Emphatically he said ”that’s not history that’s Hollywood, I know, I was there.”

His father had suffered from PTSD all those years.

The violence, the anger, the rejection suddenly all made sense. Slowly his father began to talk about his war experiences. He gained back his life and gave Larry his.

The love, and the understanding of how powerful it was to at last have and claim a father became his.

The war ended for his father when he was shot out of a tree and broke his back but the agony of memories didn’t until he embraced his son and shared the nightmares he could finally let go of. Larry followed in his father’s footsteps to become a field artillery captain in the 70’s during the Vietnam- era.

Larry was 65 when he heard his father’s story.

The insights given him were cathartic. So was the book, “Pittman Creek” he wrote about that story.

He wrote under a pseudonym, Lawrence Wayne. When I interviewed him, though the first of the books are printed, he was able to complete his healing and accept his father’s love by using his own last name as the author for the next printing.

Larry’s father died August 5, 2016.

Larry said, “It tore me up.” He died on Larry’s birthday. “I wrote the book, ‘Pittman Creek,’ his book, so he’ll live forever in its pages.” Although a novel, it’s based on the true story his father told him on his deathbed. The rest of the story: Larry has been an insurance agent for 40 years.

With only a course in music theory in college he became a musician and writer as well. A deep man with a love of people and a great curiosity about life with an endless creative side is who Larry Barker is. He plays the guitar, has produced three CD’s of his music and marked Gregg Allman as a friend.

Richmond Hill became home because of the welcome to the school Mrs. Meeks gave them and their sons, Jason and Brian.

When they came to see the school, she took their little hands in hers, took them into the school, showed them their classrooms and welcomed them.

In 1987 the Barkers built their first home in Redbird Creek at “the end of the world.”

A Johnny Murphy development, Mrs. Meeks, and Gregg Allman, filled out his wonderful, fruitful life here with his wife Linda, an entrepreneur and a realtor.

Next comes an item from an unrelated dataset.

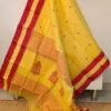 This cream Bengal cotton Jamdani saree is a graceful handloom creation that beautifully balances subtlety with vibrance. The soft cream base is adorned with delicate booti motifs woven in red, lemon yellow, and mustard yellow threads, creating a lively interplay of colours across the body. The saree features a unique non-traditional border with long leaf stem motifs woven in alternating red and mustard yellow threads, adding a striking visual rhythm to its elegant design. Crafted from lightweight Bengal cotton, the saree is comfortable, breathable, and perfect for both everyday wear and special gatherings. Its versatile palette makes it easy to pair with blouses in bold or neutral shades, allowing you to style it in multiple ways. Please note, the saree comes without a blouse piece, giving you the freedom to mix and match as per your personal style.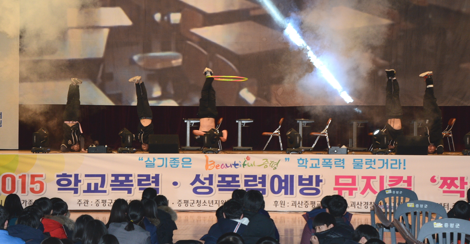 증평군청소년상담복지센터와 증평군청소년지원센터 꿈드림(센터장 김병노)은 17일 오후 2시부터 증평스포스센터에서 학교폭력(성폭력) 예방에 대한 뮤지컬 공연(힐링 뮤지컬 짝꿍) 및 체험부스를 운영했다. (보도자료실 참조)

“She’s my support, my pillar, my anchor who forever tells me ‘you don’t know till you try.’” “The best known song I wrote, “Linda Lou” is about her.”

Presently he is completing an entertainment venue on his Ford Avenue property. It will be a destination for food, live music and the arts. A gathering center for us, the people of Bryan County.

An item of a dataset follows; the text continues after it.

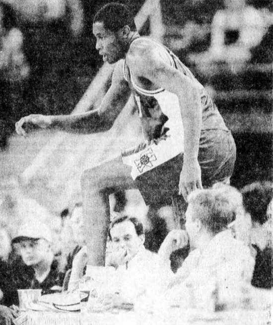 UK Freshman Jamaal Magloire climbs back over the press table to return to action

“Our wonderful town, Richmond Hill, my ‘back water town’ is coming into its own,” Larry said. “Tourism, art, and restaurants are flourishing. And, my story goes on, an overeducated redneck given a full life. Thank you, Dad, I’m doing just fine.”

Larry Barker is doing a book signing Friday, March 26 from 6 to 8 p.m. He will read excerpts from “Pittman Creek.” The cover of his book, will be created as a water color by Jim Leahy of Leahy Art Gallery to be given away at a drawing that night. The theme will be art, both visual and written, at Photopoint Gallery in Richmond Hill. Food will be served with a lecture on art by the gallery owner, Joy Dunigan.